The haemodynamic hallmark of AHFS includes an elevated left ventricular filling pressure, raised vascular resistance and a normal or diminished cardiac output. The main goal of initial management used to be haemodynamic stabilization and symptom improvement. Contemporary management continues to focus on improving haemodynamics and symptoms by relieving congestion, which may be considered an appropriate strategy to a certain extent [38]. Conventional treatment with acute diuretic therapy (i.e. intravenous furosemide; the most commonly used loop diuretic in clinical practice) may have the disadvantage of causing a large fall in cardiac output leading temporarily to acute pump dysfunction in occasional patients with left ventricular failure [39,40]. This has led to the search for newer agents with effects not only to improve haemodynamics and symptoms, but also to improve clinical outcomes (for example, mortality and hospitalisation). Vasodilator therapy with nitrates, particularly with isosorbide dinitrate, nitroglycerine and nesiritide, has provided some promising results in clinical practice, as suggested by large observational studies [41,42]. However, loop diuretics have remained the mainstay of AHFS management. This is mainly because the decision to use vasodilators is sometimes complex. Vasodilators should probably be avoided in patients presenting with ADHF associated with hypotension or severe mitral or aortic stenosis, for the fear of increased mortality [2].

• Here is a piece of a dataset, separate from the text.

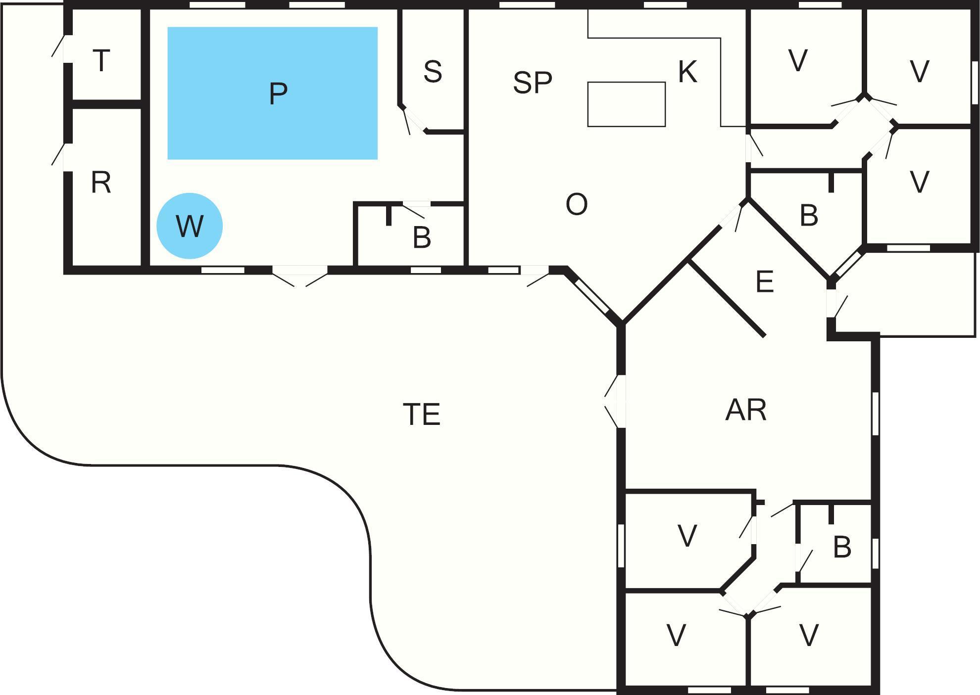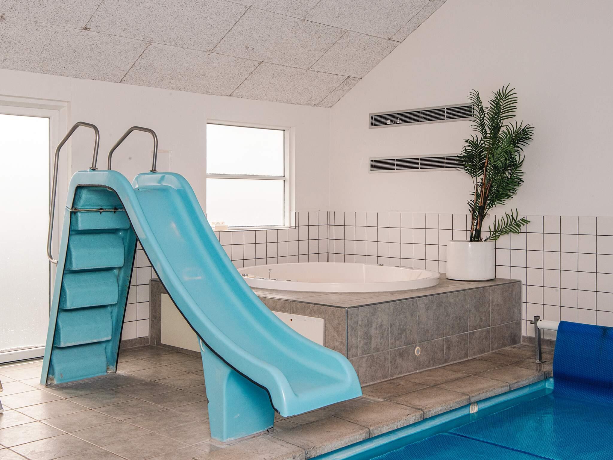 Huset har en poolafdeling, som indeholder både stor swimmingpool, svømmetræner, stort indbygget standvandsspabad og sauna med plads til 4-6 personer. Swimmingpoolen er på 18 m² og med rutschebane til børnene.

Available studies are have been limited by the small number of patients and the different dosing regimens and clinical outcomes. None of the included studies have reported medical costs as an outcome measure or made any cost-effectiveness analysis. Further high-quality studies are needed to improve our understanding in the growing acute heart failure patient population.
There is little evidence to support the use of nitrates in AHFS, which is surprising given the widespread use of nitrates. Further large randomised trials are needed to evaluate the safety and efficacy of these agents in the modern era of guideline-directed use of heart failure therapy.